Our image processing approach involves standardising each scene for consistent analysis:
- Bilateral filtering with a 13x13 pixel kernel is applied to reduce noise while retaining key edge details.
- Contrast Limited Adaptive Histogram Equalisation (CLAHE) enhances contrast and visibility in varied lighting.
- To mitigate flicker noise, we employ a moving average technique over three consecutive frames for each frame in the sequence.
To reproduce the results, follow these steps:
-
Download the raw videos used in the study and place them in the data/ldr/raw directory in the following structure:
data ├── ldr │ ├── raw │ │ ├ P1SceneXX.mp4 │ │ ├ P2ClearXX.mp4 │ │ ├ P2OvercastXX.mp4 └ └ └ P3SceneXX.mp4
-
Go to the src/processing directory:
cd src/processing/ # On Windows use `cd src\processing\`
-
Run the following command:
python processing.py --num_processes <num_processes> --mask_reframe <mask_reframe>
Where:
<num_processes>
is the number of processes to use for parallel processing. If not specified, the default value is your CPU's number of cores.<mask_reframe>
whether to reframe the video or not. If not specified, the default value isFalse
.
Processed videos will be saved in the data/ldr/processed or data/ldr/processed_reframed directory, depending on the processing method selected.
In our analysis of daylight dynamics in urban settings, a key task involves segmenting the sky from the ground in urban images. This segmentation is crucial as a foundational step for our subsequent analyses and interpretations within these environments. We employ the DeepLabV3 model, specifically chosen for its proficiency in handling such complex segmentation tasks in diverse urban landscapes.
The decision to use DeepLabV3 is supported by its foundational paper [1], which showcases its superior capabilities in urban outdoor scenes. Additionally, another paper [2] illustrates its use in machine vision for off-road vehicles, where it managed complex outdoor scene segmentation, a challenge akin to our task in urban landscapes.
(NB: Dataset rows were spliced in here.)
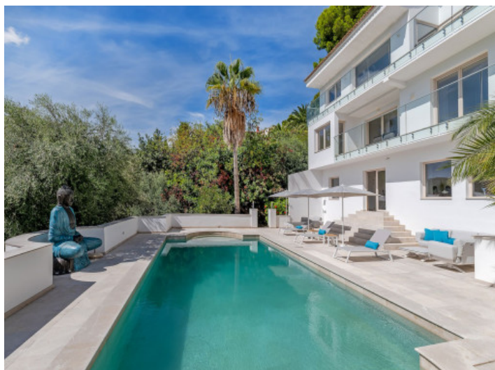
Ansicht auf die Villa
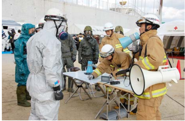
消防による現地指揮本部の運営 【鳴門・大塚スポーツパーク】
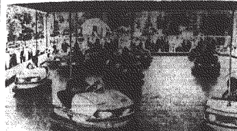
Dziesiątka młodych żołnierzy Wojska Polskiego...
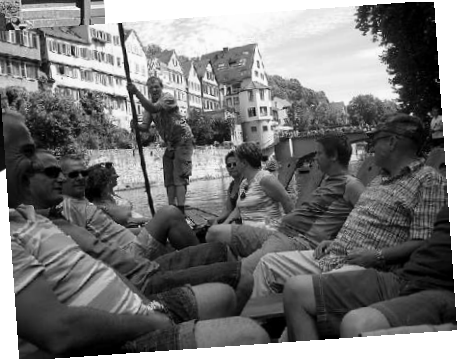
Stocherkahnfahrt mit den elsässischen Gästen aus Buhl.
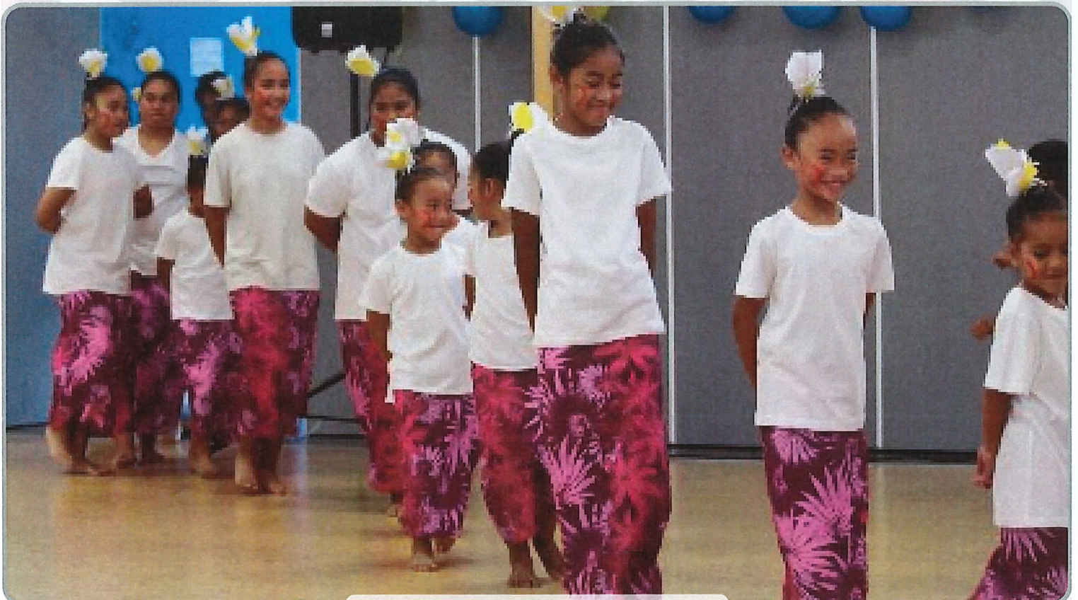
“O LE ALA I LE PULE. O LE TAUTUA”
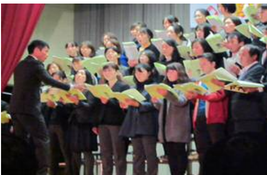
【先生とおやじの会による合唱】
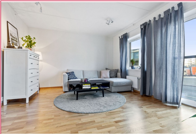
Velkommen til Sigurd Hoels vei 17!
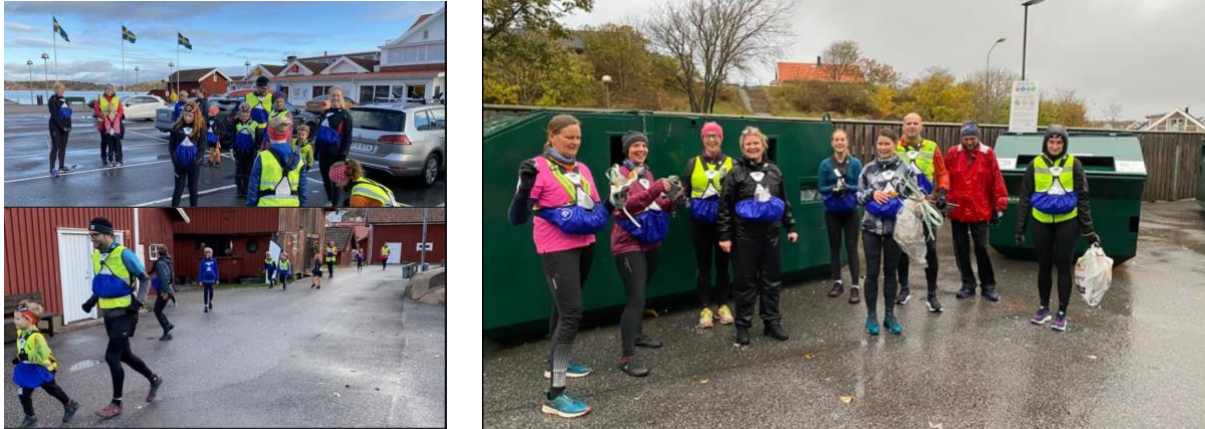
Plogging i Väjern och i Bovallstrand

Under Hållbarhetsfestivalen i oktober arrangerade Sotenäs kommun tillsammans med IK Granit och Västkuststiftelsen två plogga-event. Ett med start i Väjern och ett i Bovallstrand. Välbesökt men tyvärr mycket skräp.
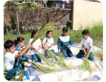
Learning from the Land | Our students joyfully harvesting the rice paddy they planted earlier—an enriching hands-on experience connecting learning, nature, and responsibility.

This similarity in application contexts highlights DeepLabV3 as an ideal model for our project's specific needs in environmental segmentation.
Here are examples of training and validation samples from our custom dataset (see this notebook):
Weights for the DeepLabV3 model with MobileNetV3Large backbone can be found here. Alternatively, a similar model with ResNet101 backbone can be found here.
The model may encounter errors when distinguishing between the sky and the ground in certain situations. These errors are often related to reflections of the sky on surfaces like buildings and windows, as well as small details such as poles, wires, cranes, or road signs. It's important to acknowledge these limitations when using the segmentation results in outdoor environments.
To reproduce the results, follow these steps:
-
Download the necessary datasets and place them in the data/sky_ground_segmentation directory. They contain images and binary masks for the following datasets:
- ADE20K Outdoors: A subset of the ADE20K [5] dataset, containing images of outdoor scenes.
- Cityscapes [6]: A dataset of urban street scenes.
- Mapillary Vistas [7]: A dataset of diverse street scenes.
- Sky Finder [8]: A dataset of outdoor scenes with sky and ground segmentation.
- Sun2012 [9]: A dataset of various scenes, which have been filtered manually to include outdoor images only.
- Swimseg [10]: A dataset of sky patches.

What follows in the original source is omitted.